Non è dunque peregrina l’idea che in Sardegna venga aggiornato il concetto di “voto utile”, oggi integralmente riferito a quello per i partiti italiani che vanno per la maggiore.
Il corpo elettorale di un paese moderno è frammentato ed è giusto che lo sia. Il professor Mariotto Segni 25 anni fa ha commesso l’errore di pensare che gli italiani fossero anglosassoni e ha promosso l’OGM del maggioritario in nome della governabilità. Erano gli anni di Ghino di Tacco, degli aghi della bilancia e dell’idea che gli italiani si dovessero vergognare di avere avuto 60 governi in 60 anni. Ma l’Italia non è il Canada, e l’OGM è stato rigettato. La Sardegna poi è rimasta alla ruota di tutto questo, da ubbidiente provincia dell’impero.
Nella nostra isola i partiti “sardi” che vanno per la maggiore (Psdaz e PdS) sono in alleanza con i partiti italiani.
Avrei anche capito un’alleanza con la Liga Veneta degli anni ’80 che ha avuto un breve periodo di sincero indipendentismo, ma un’alleanza con questa Lega salviniana e nativista sinceramente non la capisco. Ammettiamo pure che si tratti di strategia, e che un Salvini al governo apra realmente le porte al federalismo. Ma anche alla scaltrezza strategica c’è un limite.
Il futuro del bipolarismo italiano è quello Di Maio-Salvini? E in Sardegna, nel caso, che accadrà?
Non ho una grande opinione del bipolarismo. La Sardegna dovrebbe mettere mano alla propria legge elettorale in senso proporzionale e darsi da fare per costruire pian piano un suo panorama politico autonomo.
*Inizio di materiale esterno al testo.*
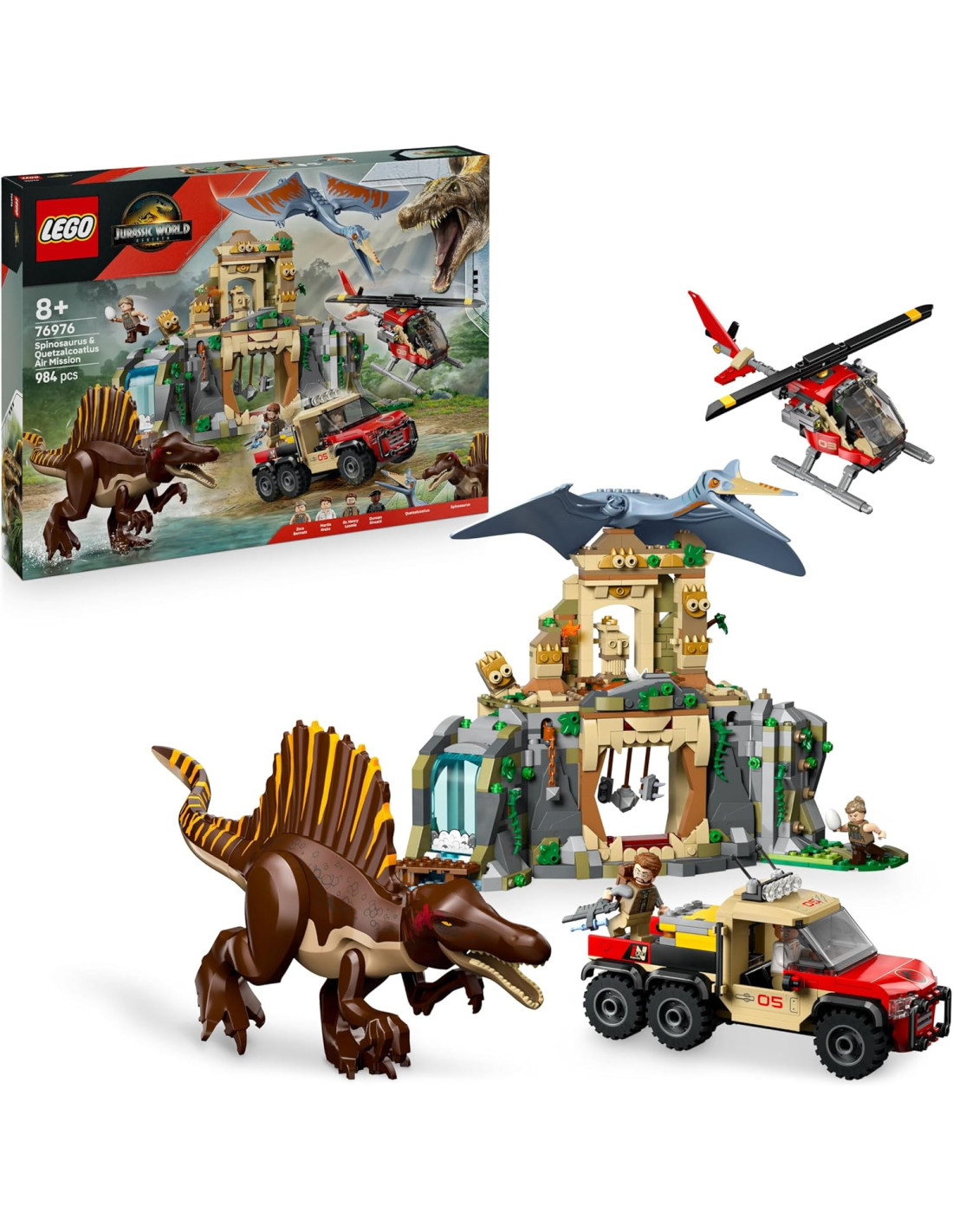 Giochi con dinosauri per bambini: regala ai giovani fan dei dinosauri LEGO Jurassic World il set Missione Aerea con Spinosauro e Quetzalcoatlus, un gioco di ruolo per bambini e bambine da 8 anni in su, ricco di opzioni, personaggi e veicoli LEGO Funzioni da scoprire: i dinosauri giocattolo hanno arti e mascelle mobili, i pilastri del tempio collassano, la cascata si apre e, tirando la catena sulla parete del tempio, si attiva una trappola

In quale maniera, prima ancora che politicamente e a livello di partiti, in Sardegna si può combattere una vera battaglia culturale?
Nelle scuole e nelle università, nelle radio e nelle televisioni, nei giornali e su internet. Ci sono secoli di colonialismo culturale da scrostare, l’affresco della lingua e della cultura sarda da restaurare e da riportare ai colori e allo splendore originale. Serve alla cultura sarda una vera “operazione Ultima Cena”.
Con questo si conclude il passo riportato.